*** Opening of Supplied information ***

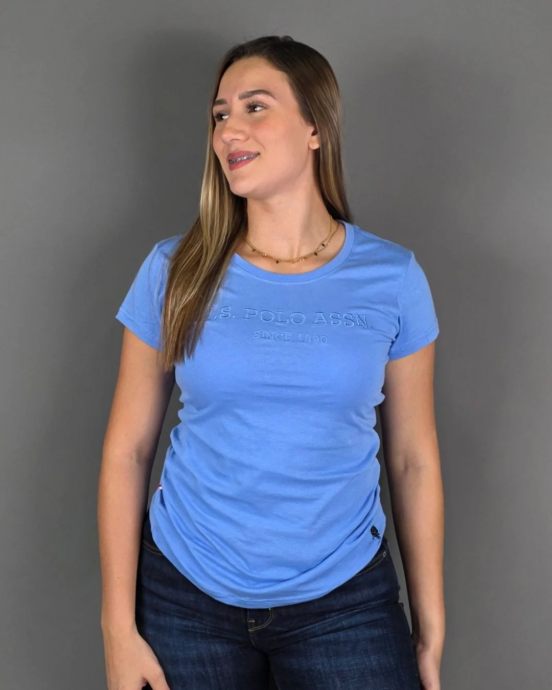 CAMISETA U.S. POLO ASSN CELESTE BORDADA PARA DAMA 100% ALGODÓN
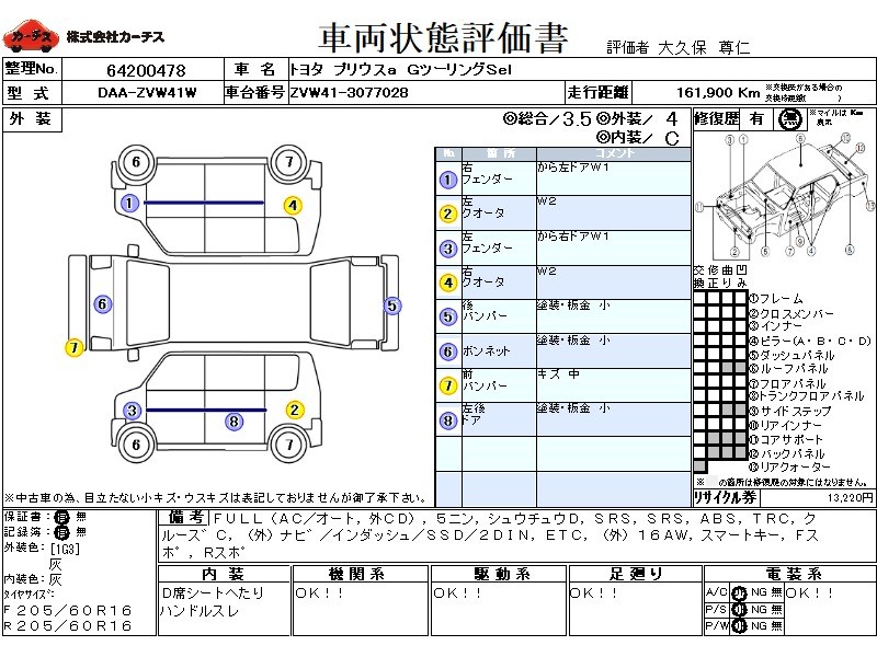 フル装備 / CD(社外) / 乗車定員(5人) / 集中ドアロック / エアバッグ / 助手席エアバッグ / ABS / トラクションコントロール / クルーズコントロール / カーナビゲーション(社外)(インダッシュ,SSD,2DIN) / 地デジTV(社外) / ETC / アルミホイール(社外)(16インチ) / スマートキー / フロントスポイラー / リアスポイラー /
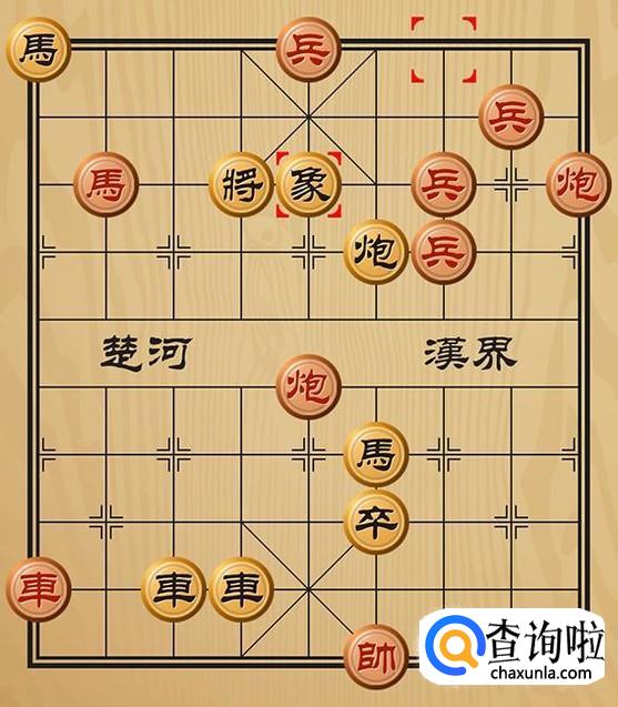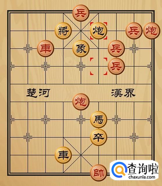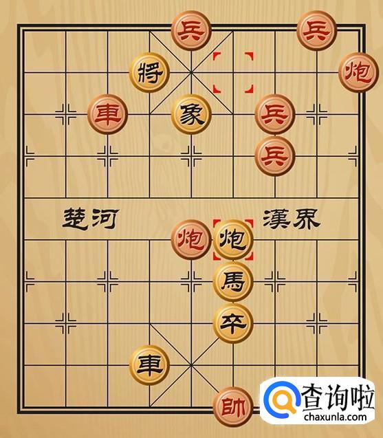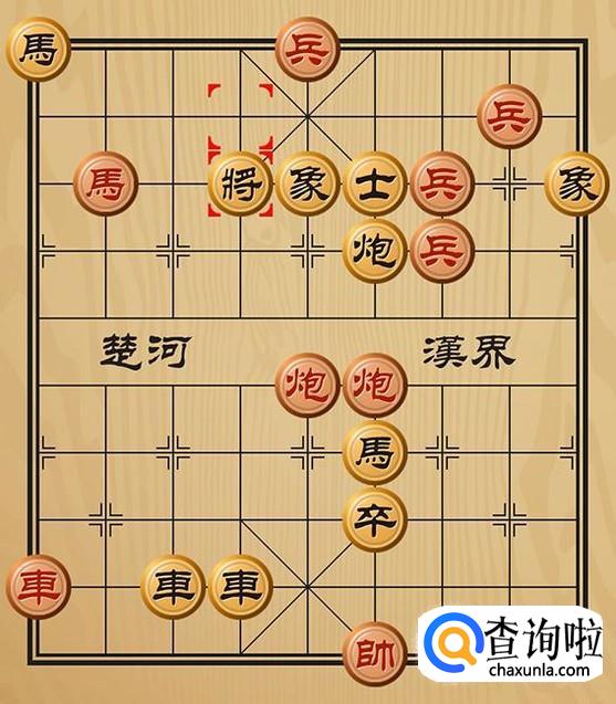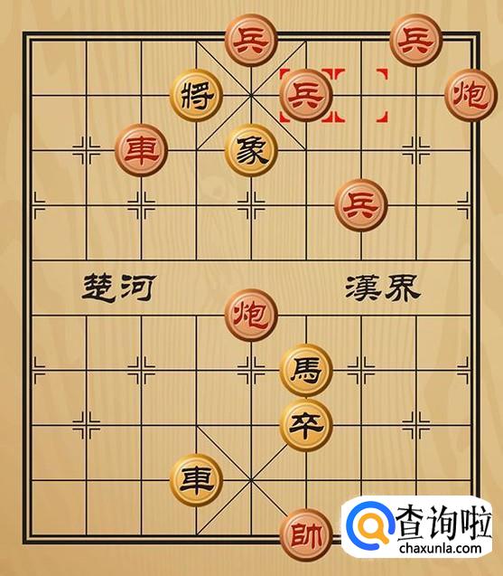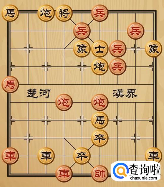 红方兵三进一将军,黑方只能炮6退4阻挡。

*** Close of Supplied information ***

▶ _Description of the task_:
Leave the pictures out and output the rest of the data word for word.

▶ _Task response_:
 CAMISETA U.S. POLO ASSN CELESTE BORDADA PARA DAMA 100% ALGODÓN
 フル装備 / CD(社外) / 乗車定員(5人) / 集中ドアロック / エアバッグ / 助手席エアバッグ / ABS / トラクションコントロール / クルーズコントロール / カーナビゲーション(社外)(インダッシュ,SSD,2DIN) / 地デジTV(社外) / ETC / アルミホイール(社外)(16インチ) / スマートキー / フロントスポイラー / リアスポイラー /
 红方兵三进一将军,黑方只能炮6退4阻挡。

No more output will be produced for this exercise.